The entire target line is computed at the same elevation (as shown below).

This is the fundamental difference between this case and the previous one, where Slope-linearity was used to achieve vertical geometry. The input is similar, but the basic relationship between the source and the target has changed because of the difference between “source-linearity” and “offset-linearity”.

Case 3: Replacing Forward and Backward sections with arcs

In this case, the Forward and Backward sections have been replaced with arcs to show how changing offset distances in the horizontal have an effect on the vertical (as shown below)..

When horizontal offsets are changing, input to the vertical computation has to handle the change.
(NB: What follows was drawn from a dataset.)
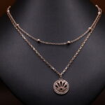 Suspended from the lower chain is the focal point: a round medallion pendant enriched with symbolic and ornamental detailing. At the center of the pendant is a radiating fan-like motif crafted in polished metal, giving the impression of a rising sun, divine protection symbol, or artistic abstract pattern—adding meaning, personality, and sophistication to the necklace. Around the outer frame of the medallion lies a border of delicately set stones, which appear to be clear zircon or crystal accents, adding a sparkling halo effect. This style ties in with trending long-tail keywords such as “crystal halo pendant necklace,” “sunburst medallion charm,” “statement yet minimalist jewelry,” “delicate pendant necklace for gifting,” and “boho chic medallion necklace.”
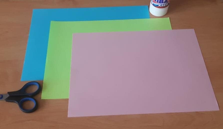 - Цветная бумага (у меня лист розовый, можно взять желтый, зеленый, голубой и немного белого);

Because of slope-linearity, the vertical offset will vary as the horizontal distances change. Notice how this results in the variation of vertical geometry at given sections. If horizontal offsets increase, the vertical offset will increase (Forward) and opposite (Backward) by the formula:

dZ = slope * offset

where offset is the horizontal distance from the source line to the actual location on the target.

Derived combinations

The most common way of computing derived geometry is by having an open source line (not a closed shape) and a corresponding open target line that are generally parallel to each other.

Twelve different, basic configurations are currently considered when computing vertical designs. Some of these configurations are supported, some are not supported, and the remainder have no solutions. In the graphics, the source line is black and the target line is blue.


Graphic	Status	Comment
	Supported	A closed target line is outside of a closed source line.
	Supported	A closed target line is inside of a closed source line.
	No possible solution	A closed target line intersects a closed source line.
	No possible solution	A closed target line has no intersection with a closed source line.
	Not supported	An open target line is outside of a closed source line.
	No possible solution	An open target line is inside of a closed source line.
	No possible solution	An open target line intersects a closed source line.
	Supported	A closed target line is outside of an open source line.
	Not supported	A closed target line intersects an open source line.

	Supported	An open target line is parallel to an open source line.
	Not supported	An open target line intersects an open source line.
	No possible solution	An open target line cannot possibly connect to an open source line.

Each of these configurations show which different geometric combinations are possible (among others). The parametric vertical design examples above are also represented to generate an appropriate status code and message for each case.